The 15th federal electoral district of the State of Mexico (Distrito electoral federal 15 del Estado de México) is one of the 300 electoral districts into which Mexico is divided for elections to the federal Chamber of Deputies and one of 40 such districts in the State of Mexico.

It elects one deputy to the lower house of Congress for each three-year legislative session by means of the first-past-the-post system. Votes cast in the district also count towards the calculation of proportional representation ("plurinominal") deputies elected from the fifth region.

The current member for the district, elected in the 2024 general election, is Josefina Anaya Martínez of the National Regeneration Movement (Morena).

== District territory ==
Under the 2023 districting plan adopted by the National Electoral Institute (INE), which is to be used for the 2024, 2027 and 2030 federal elections,
the 15th district is located in the Greater Mexico City urban area, covering 144 precincts (secciones electorales) in one of the state's 125 municipalities:
- Atizapán de Zaragoza. (Note: The remainder of the municipality is covered by the 22nd district.)

The head town (cabecera distrital), where results from individual polling stations are gathered together and tallied, is Ciudad López Mateos, the municipal seat. In the 2020 census, the district reported a total population of 450,999.

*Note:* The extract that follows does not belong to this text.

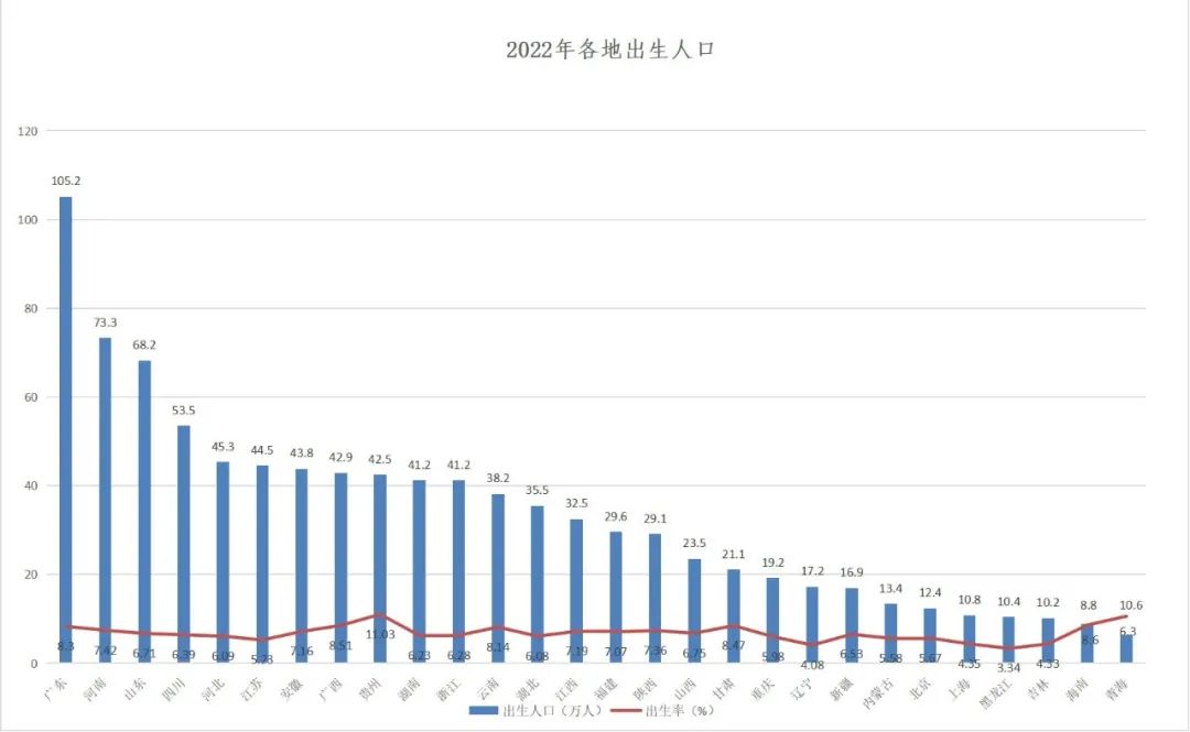 從部分經(jīng)濟(jì)欠發(fā)達(dá)地區(qū)看,出生人口同樣不容樂觀。以東北三省數(shù)據(jù)為例,2022年吉林出生人口為10.23萬(wàn)人,黑龍江出生人口10.39萬(wàn)人,遼寧出生人口17.2萬(wàn)人,三省出生人口合計(jì)跌破了40萬(wàn),僅為37.74萬(wàn)人,占全國(guó)比重僅為3.95%。常住人口合計(jì)超9600萬(wàn)的東北三省,去年出生人口不及西南的云南一省多。

==Previous districting schemes==

Evolution of electoral district numbers
|  | 1974 | 1978 | 1996 | 2005 | 2017 | 2023 |
| State of Mexico | 15 | 34 | 36 | 40 | 41 | 40 |
| Chamber of Deputies | 196 | 300 |  |  |  |  |
Sources:

Under the previous districting plans enacted by the INE and its predecessors, the 15th district was situated as follows:

2017–2022
The western and central parts of Atizapán de Zaragoza (the remainder belonged to the 14th district).

2005–2017
The south-east of Atizapán de Zaragoza and the north-west of Tlalnepantla. The head town was at Tlalnepantla.

1996–2005
The centre and north-west of Tlalnepantla.

1978–1996
The municipalities of Amecameca, Atlautla, Ayapango, Cocotitlán, Chalco, Chicoloapan, Ecatzingo, Ixtapaluca, Juchitepec, Ozumba, Temamatla, Tenango del Aire, Tepetlixpa and Tlalmanalco, with its head town at Chalco de Díaz Covarrubias.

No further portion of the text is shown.